When choosing proper variable selection methods, it is important to consider the uncertainty of a certain method. The MCB for variable selection identifies two nested models (upper and lower confidence bound models) containing the true model at a given confidence level. A good variable selection method is the one of which the MCB under a certain confidence level has the shortest width. When visualizing the variability of model selection and comparing different model selection procedures, Model uncertainty curve is a good graphical tool. A good variable selection method is the one of whose MUC will tend to arch towards the upper left corner. This function aims to obtain the MCB and draw the MUC of certain single model selection method under a coverage rate equal or little higher than user-given confidential level.
mcb(x, y, B=200, lambda=NA, method='Lasso', level=0.95, seed=122)
mcb(x, y, B=200, lambda=NA, method='Lasso', level=0.95, seed=122)
x |
input matrix; each column is an observation vector of certain independent variable, and will be given a name automatically in the order of x1, x2, x3… |
y |
y is a matrix of one column which presents the response vector B number of bootstrap replicates to perform, default value is 200. |
B |
number of bootstrap replicates to perform; Default value is 200. |
lambda |
A user supplied lambda value. It is the penalty tuning parameter for the variable selection method tested. The default value is the optimization outcome automatically computed in consideration of the specific case. |
method |
Default value is ‘Lasso; user can choose from 'aLasso', 'Lasso', 'SCAD', 'MCP', 'stepwise', 'LAD', 'SQRT' |
level |
a positive value between 0 and 1, like the concept of confidence level for point estimation; Default value is 0.95 |
seed |
seed for bootstrap procedures; Default value is 122; |
The mcb method returns an object of class “mcb” The generic accessor functions mcb, mucplot and mcbframe extract various useful features of the value returned by mcb. An object of class “mcb” is a list containing at least the following components:
mcb |
a list containing the bootstrap coverage rate (which is the closest to the user-given confidence level) and the corresponding model confidence bound of the user-chosen variable selection method in the form of lower confidence bound and upper confidence bound. |
mucplot |
plot of the model uncertainty curve for this specific user-chosen variable selectionmethod. |
mcbframe |
a dataframe containing all the information about MCBs for the specific variable selectionmethod under all bootstrap coverage rates including width(w), lower confidence bound(lcb) and upper confidence bound(ucb) for each bootstrap coverage rate(bcr) |
Li,Y., Luo,Y., Ferrari,D., Hu,X. and Qin,Y. (2019) Model Confidence Bounds for Variable Selection. Biometrics, 75:392-403.

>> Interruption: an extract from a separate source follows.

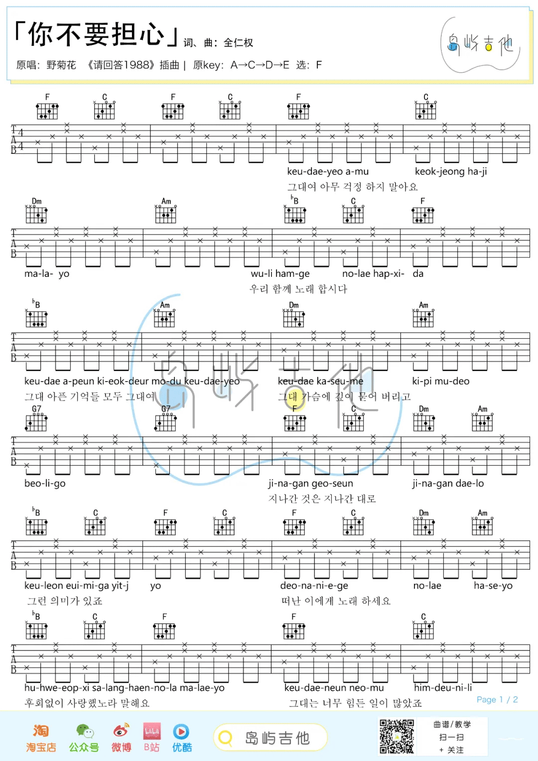 曲谱介绍: 吉他谱介绍:你不要担心吉他谱,野菊花乐队演唱的一首歌曲,4/4拍的节奏,这首歌曲的原调为F调,这里曲谱采用了F调指法进行编配,演唱时可不夹变调夹,曲谱由琴谱网更新上传,共2张高清图片弹唱吉他谱例,来源于@岛屿吉他编配出品。这是一首十分温馨的歌曲,是韩剧《请回答1988》的插曲。这里编配采用的是F调指法,和弦有点难度,特别是其中的降B和弦,但节奏型非常简单。另外这首歌原曲转调非常多,但这里未编配转调部分。

data(Diabetes) # load data x <- Diabetes[,c('S1', 'S2', 'S3', 'S4', 'S5')] y <- Diabetes[,c('Y')] x <- data.matrix(x) y <- data.matrix(y) result <- mcb(x=x, y=y) # plot of the model uncertainty curve result$mucplot # a list containing the bootstrap coverage rate and mcb result$mcb # a dataframe containing all the information about MCBs result$mcbframe
data(Diabetes) # load data x <- Diabetes[,c('S1', 'S2', 'S3', 'S4', 'S5')] y <- Diabetes[,c('Y')] x <- data.matrix(x) y <- data.matrix(y) result <- mcb(x=x, y=y) # plot of the model uncertainty curve result$mucplot # a list containing the bootstrap coverage rate and mcb result$mcb # a dataframe containing all the information about MCBs result$mcbframe
This function is a supplement of the function mcb. It is used to compare different variable selection methods and would return all the MUCs on same canvas. A good variable selection method’s MUC will tend to arch towards the upper left corner.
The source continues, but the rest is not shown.